◆ Source data:
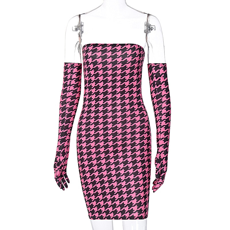 Houndstooth Print Women Tube Mini Dress Sleeve Gloves Bodycon
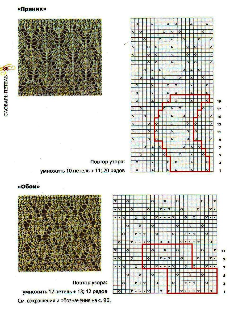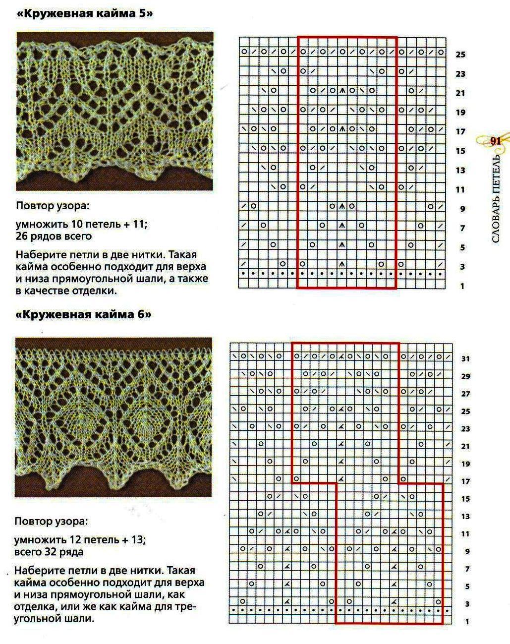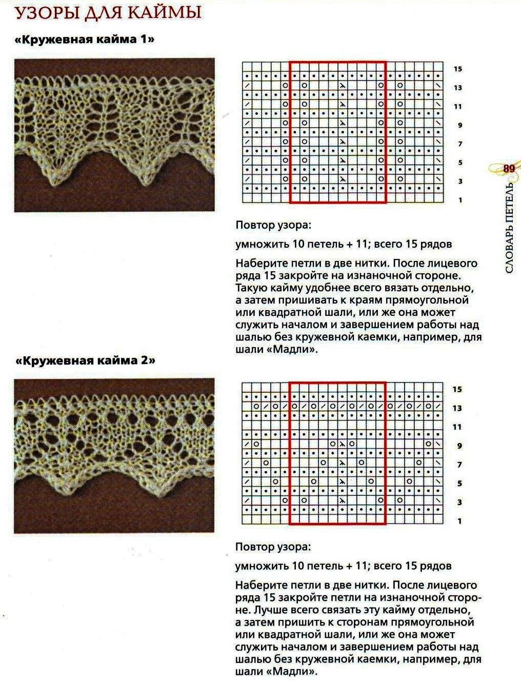 В опубликованных выше схемах шалей показаны популярные узоры, однако есть еще масса интереснейших вариантов. Вы можете подобрать другой узор для каймы или центральной части и связать свою шаль, единственную в своем роде.
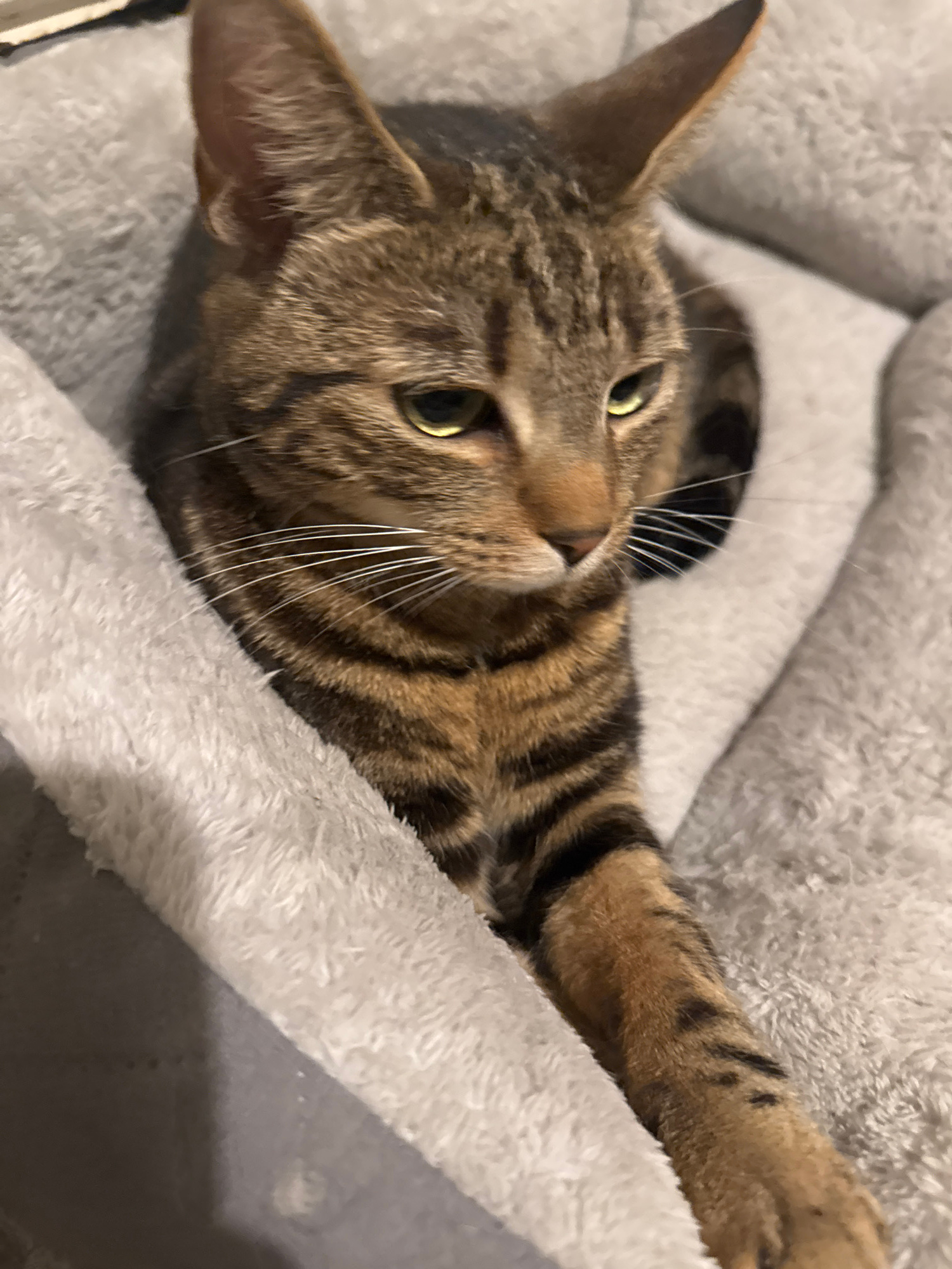 A tabby cat is lying in a grey fluffy cat bed. The cat is light brown with dark brown stripes. It's lying on its left side, with its left arm extended towards the right of the frame. The cat's head is…read more
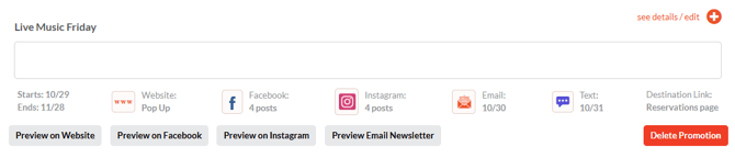 After saving your custom promotion, the details will collapse so you can preview how your campaign looks across all channels.
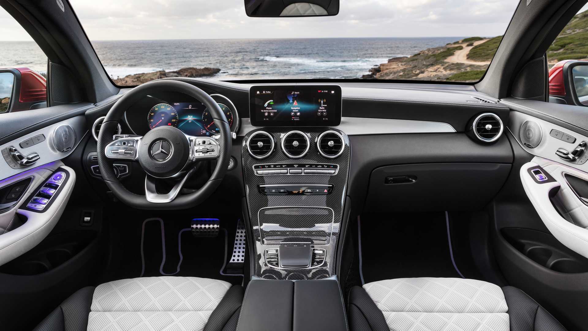 Mercedes-Benz GLC Coupé präsentierte sich in seinem neuen Image, das ist mehr muskulös, aber es ist immer noch darauf zu sehen elegant verführerische Linien. Eine beneidenswerte Figur vereint in sich Sportlichkeit Coupé und Funktionalität Geländewagen. Das Endergebnis ist ein Auto, das im Gelände fahren kann und dabei komfortabel, luxuriös und unverschämt gut aussieht. Auch der neuste Mercedes ist daran zu erkennen Dominant der vordere Teil mit einer aktualisierten Maske und Lichtern. Sein Augenmerk liegt natürlich auf dem attraktiven Coupé Gesäß, der ebenfalls über modifizierte Leuchten und noch auffälligere Endrohre verfügt. Neben der Optik kann sich das GLC Coupé rühmen leicht hybrid 48 Volt elektrisches System, das Benzinmotoren helfen soll kleiner Spritverbrauch u zu einem größeren Komfort und Leistung.
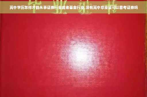 这得需要看你做什么样的岗位,正常情况下,在证券公司总部上班的一般都是本科及以上学历,高中学历恐怕无法胜任。当然也不是说就没有机会从事证券行业了,现在很多证券营业部需要营销人员,只要你认识的客户多,有足够的资金,没有哪家券商会拒绝你的。金融机构全靠资金来支撑,所以不要太在意自己的学历。如果你有很强的营销公关能力,你会比其他高学历人才更有优势,因为在营业部高学历人才没法充分发挥他的优势。当然,前提条件是你需要考上证券从业资格证书,证券从业资格证书的要求就是高中以上学历,正好符合报考要求。

◆ Try it:
Reproduce the opening lines of the material above exactly, ending with the line that contains "After saving your". Omit every picture.

◆ Response to this exercise:
 Houndstooth Print Women Tube Mini Dress Sleeve Gloves Bodycon
 В опубликованных выше схемах шалей показаны популярные узоры, однако есть еще масса интереснейших вариантов. Вы можете подобрать другой узор для каймы или центральной части и связать свою шаль, единственную в своем роде.
 A tabby cat is lying in a grey fluffy cat bed. The cat is light brown with dark brown stripes. It's lying on its left side, with its left arm extended towards the right of the frame. The cat's head is…read more
 After saving your custom promotion, the details will collapse so you can preview how your campaign looks across all channels.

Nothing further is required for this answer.